The Taiwan Institute of Economic Research (TIER, 台經院) yesterday released its monthly business climate survey, which showed that local industries have reservations about the outlook for the next six months, while other indicators showed that the economy is in stable recovery.
The survey found that only 20.1 percent of respondents were optimistic about the outlook in the next six months, down from 27.6 percent in September.
Meanwhile, about 63 percent of respondents held a reserved outlook for the same period, an increase from 46.1 percent in the previous month, while 17.2 percent thought it will get worse, down from 26.3 percent in September.
Last month’s business climate index for the manufacturing sector stood at 117.28, down by 1.26 points from September’s results, the survey found.
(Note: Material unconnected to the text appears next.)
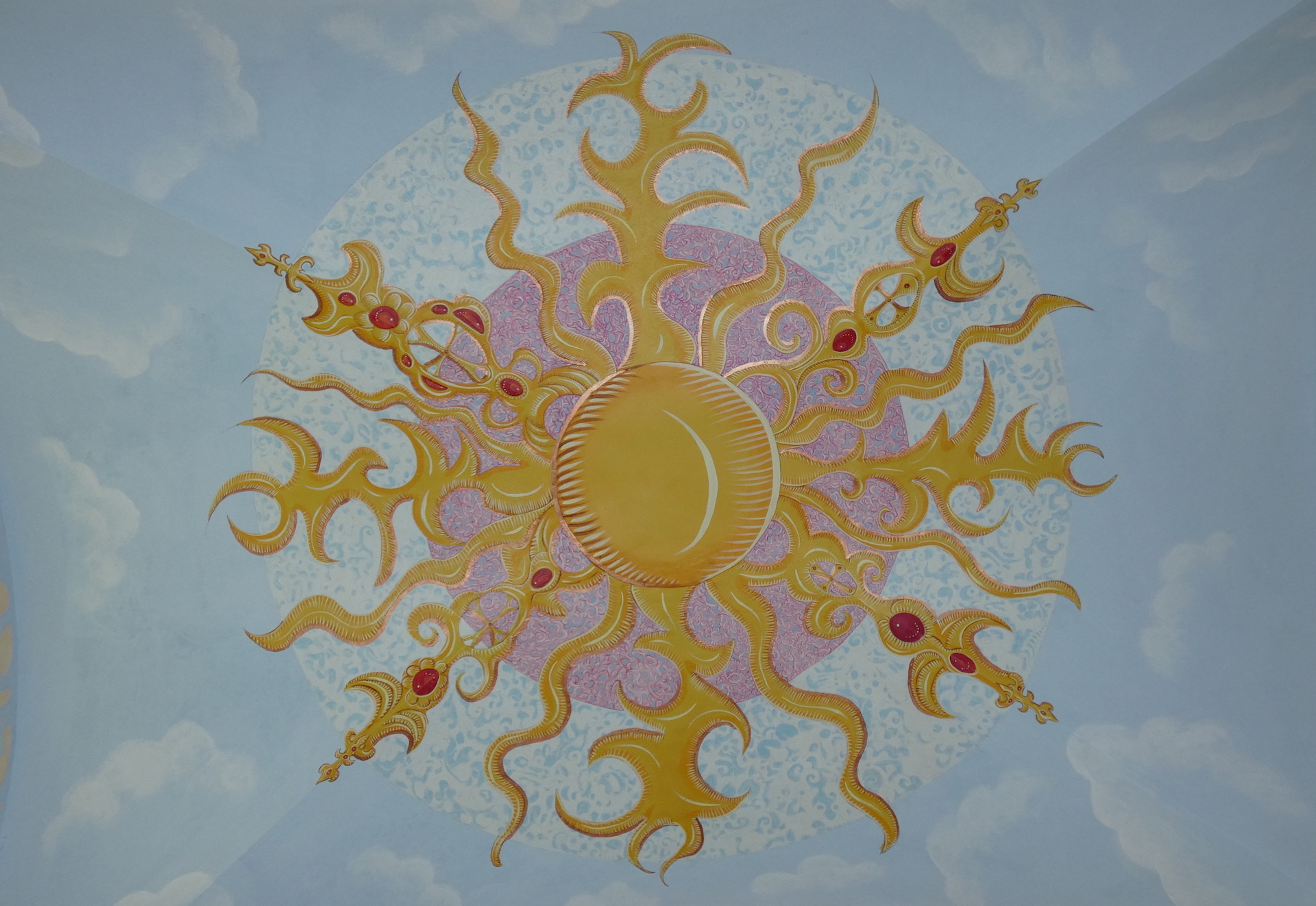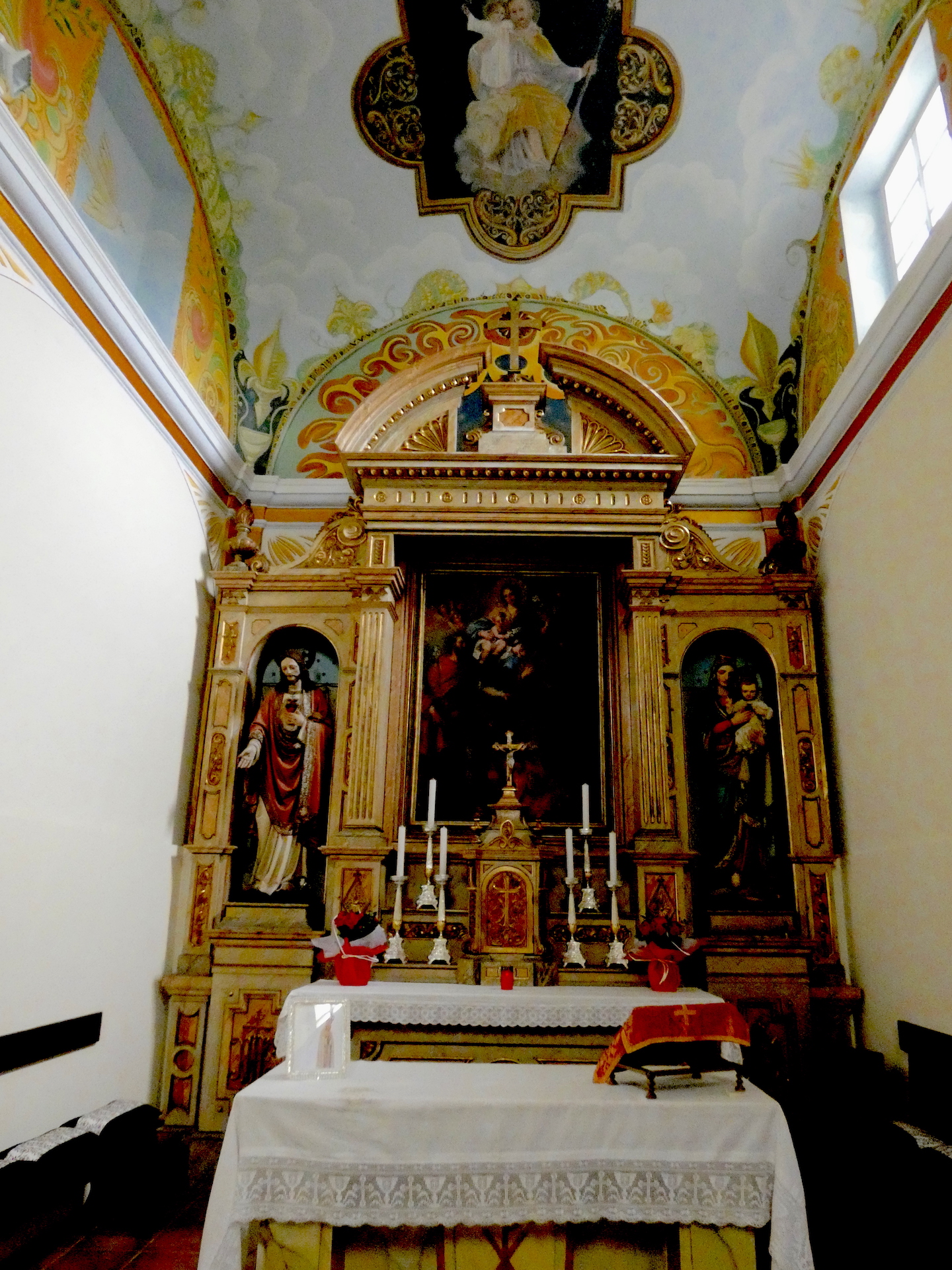 So fahren wir südwärts und biegen in Lugano Nord Richtung Colla ab. Steil und kurvig führt uns die Strasse vorbei an kleinen Dörfern bis Colla. Hier parken wir auf dem Dorfparkplatz und Theres holt uns ab um uns zu ihrem wunderschönen Rustico zu bringen. An diesem traumhaften Ort geniessen Heinz und Theres hier seit 20 Jahren ihre Zeit im Tessin. Leider sieht man nicht in die Ferne, überall hat es Wolken. Am Nachmittag spazieren wir ins Nachbarsdorf um die wunderschön restaurierte Kirche anzuschauen. Ein Schüler von H. J. Geiger hat die Kirche restauriert und dabei alte Bilder stehen lassen und neu etwas gewagte Darstellungen z.B. von Engeln gemalt. Uns gefällt das etwas Extravagante und die alten Bilder sehr.

TIER said the manufacturing sector was rather reserved on the outlook for the next six months because of the depreciation of the US dollar, the rise in international prices of basic materials, the decline in revenues among petrochemical and coal products manufacturers, and the fact that businesses are entering their low season.
The same index for the service sector registered 119.87, down 2.26 points from the previous month, TIER said, which attributed the drop to profit decline in securities firms and telecommunications companies.
“Despite the slight decline in both indexes, the overall situation is still pretty good and the economy seems to be in stable recovery,” TIER president David Hong (洪德生) said.
The Taipei-based think tank said that business in wholesale and retail sectors was better last month than in September because of the economy’s gradual recovery from Typhoon Morakot as well as the launch of the traditional discount season in department stores, which stimulated consumption.